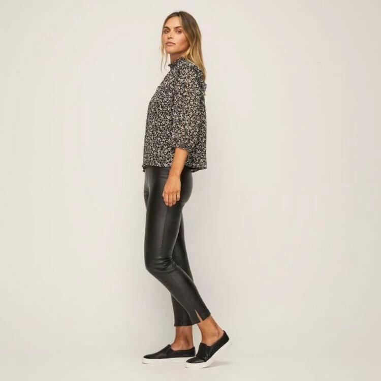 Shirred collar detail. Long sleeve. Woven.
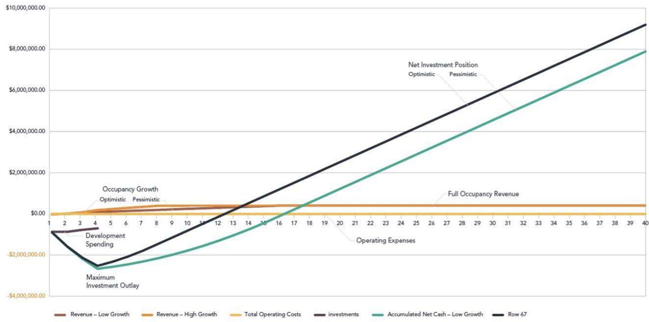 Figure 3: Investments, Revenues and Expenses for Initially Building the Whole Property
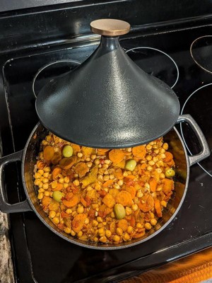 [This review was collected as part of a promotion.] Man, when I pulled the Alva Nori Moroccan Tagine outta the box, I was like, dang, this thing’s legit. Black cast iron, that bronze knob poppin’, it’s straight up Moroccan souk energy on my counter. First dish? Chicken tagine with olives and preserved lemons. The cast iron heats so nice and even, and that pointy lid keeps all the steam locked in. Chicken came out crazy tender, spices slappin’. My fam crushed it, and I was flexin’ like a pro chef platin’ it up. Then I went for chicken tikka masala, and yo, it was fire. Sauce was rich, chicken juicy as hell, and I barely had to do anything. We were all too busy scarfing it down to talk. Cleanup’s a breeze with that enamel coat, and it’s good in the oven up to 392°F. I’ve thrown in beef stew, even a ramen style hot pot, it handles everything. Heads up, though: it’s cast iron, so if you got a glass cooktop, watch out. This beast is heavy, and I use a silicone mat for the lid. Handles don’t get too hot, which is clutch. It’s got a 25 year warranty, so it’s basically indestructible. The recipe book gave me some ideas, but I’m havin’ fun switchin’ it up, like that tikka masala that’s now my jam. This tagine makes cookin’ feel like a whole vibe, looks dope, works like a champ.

- **Task item**:
Reproduce the data in full. Do not carry over any picture.

- **Answer to the exercise**:
 Shirred collar detail. Long sleeve. Woven.
 Figure 3: Investments, Revenues and Expenses for Initially Building the Whole Property
 [This review was collected as part of a promotion.] Man, when I pulled the Alva Nori Moroccan Tagine outta the box, I was like, dang, this thing’s legit. Black cast iron, that bronze knob poppin’, it’s straight up Moroccan souk energy on my counter. First dish? Chicken tagine with olives and preserved lemons. The cast iron heats so nice and even, and that pointy lid keeps all the steam locked in. Chicken came out crazy tender, spices slappin’. My fam crushed it, and I was flexin’ like a pro chef platin’ it up. Then I went for chicken tikka masala, and yo, it was fire. Sauce was rich, chicken juicy as hell, and I barely had to do anything. We were all too busy scarfing it down to talk. Cleanup’s a breeze with that enamel coat, and it’s good in the oven up to 392°F. I’ve thrown in beef stew, even a ramen style hot pot, it handles everything. Heads up, though: it’s cast iron, so if you got a glass cooktop, watch out. This beast is heavy, and I use a silicone mat for the lid. Handles don’t get too hot, which is clutch. It’s got a 25 year warranty, so it’s basically indestructible. The recipe book gave me some ideas, but I’m havin’ fun switchin’ it up, like that tikka masala that’s now my jam. This tagine makes cookin’ feel like a whole vibe, looks dope, works like a champ.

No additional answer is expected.